## Work item
Locate the line containing "Today the land" in the material below. Copy that line and all following lines through the end exactly, omitting any pictures.

## Raw data
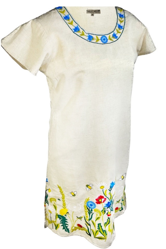 Aceasta superba rochie care imbina perfect traditia cu noul, un liant perfect intre motivele traditionale transpuse pe un material atat de modern.
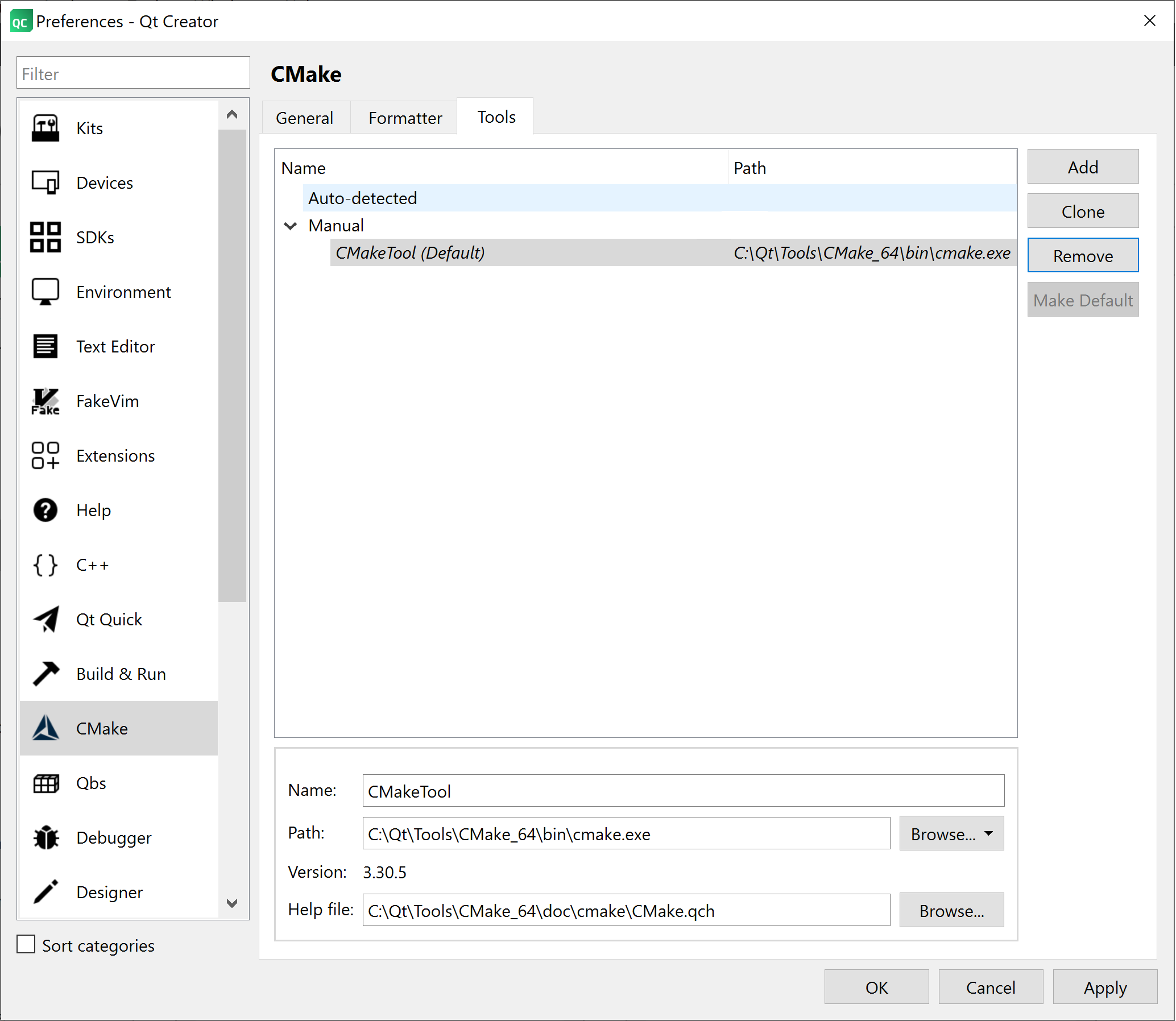 The build system we will use within Qt Creator to compile our C++ code is CMake. The ArcGIS Maps SDK for Qt documentation Install and set up in the Install on Windows section has a sub section called “Install CMake” that has useful links to configure CMake in Qt Creator. In a nutshell, you need to download the Windows version of the binaries from the CMake organization and install them on your Windows desktop. In my case, I chose the cmake_4.0.1-windows-x86.zip file and unzipped the contents in my Qt installation folder. Then in Qt Creator, I chose Edit > Preferences from the menus. In the Preferences – Qt Creator dialog for the CMake category, make the Tools tab active. Click the Add button fill-in the information for the Name, Path, and Help file textboxes. When you are done, you should see something like this:
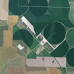 Today the land is owned primarily by farmers and the Nebraska Bureau of Land Management. Most of the concrete runways have been removed except for a 20' strip on the E-W and SW-NE runways. About a dozen World War II-era buildings still exist at the former airfield in various states of deterioration including four of the hangars.
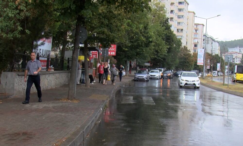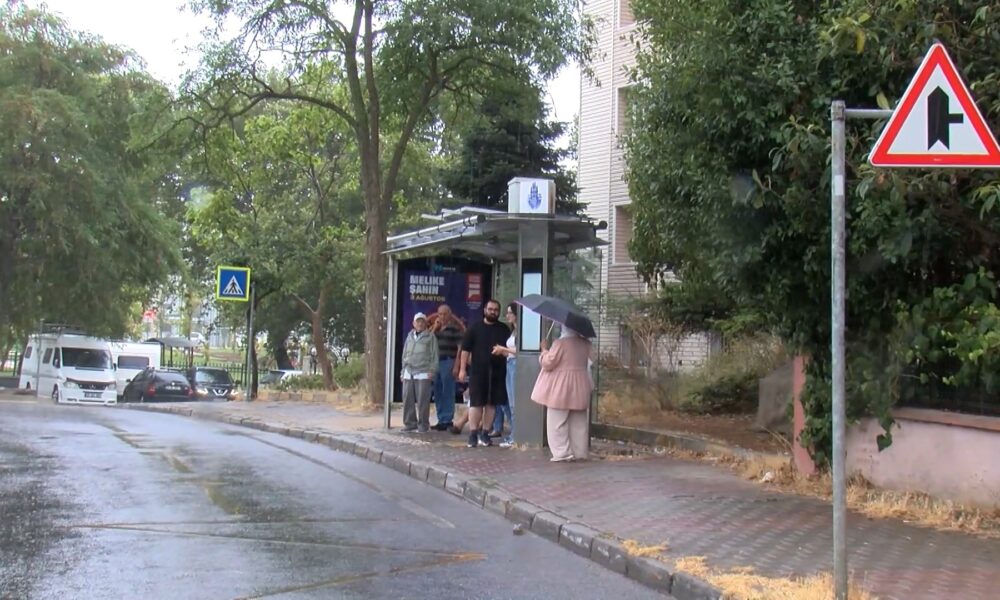 İstanbul’da uzun zamandır mevsim normallerinin üzerinde seyreden sıcaklık hafta sonunda kentin bazı ilçelerinde yerini yağmura bıraktı. Kartal’da öğle saatlerinde yağmur etkili oldu. Yağmura hazırlıksız yakalananlar otobüs duraklarına sığındı. Kimi ise ceketini şemsiye olarak kullandı.

## Expected answer
 Today the land is owned primarily by farmers and the Nebraska Bureau of Land Management. Most of the concrete runways have been removed except for a 20' strip on the E-W and SW-NE runways. About a dozen World War II-era buildings still exist at the former airfield in various states of deterioration including four of the hangars.
 İstanbul’da uzun zamandır mevsim normallerinin üzerinde seyreden sıcaklık hafta sonunda kentin bazı ilçelerinde yerini yağmura bıraktı. Kartal’da öğle saatlerinde yağmur etkili oldu. Yağmura hazırlıksız yakalananlar otobüs duraklarına sığındı. Kimi ise ceketini şemsiye olarak kullandı.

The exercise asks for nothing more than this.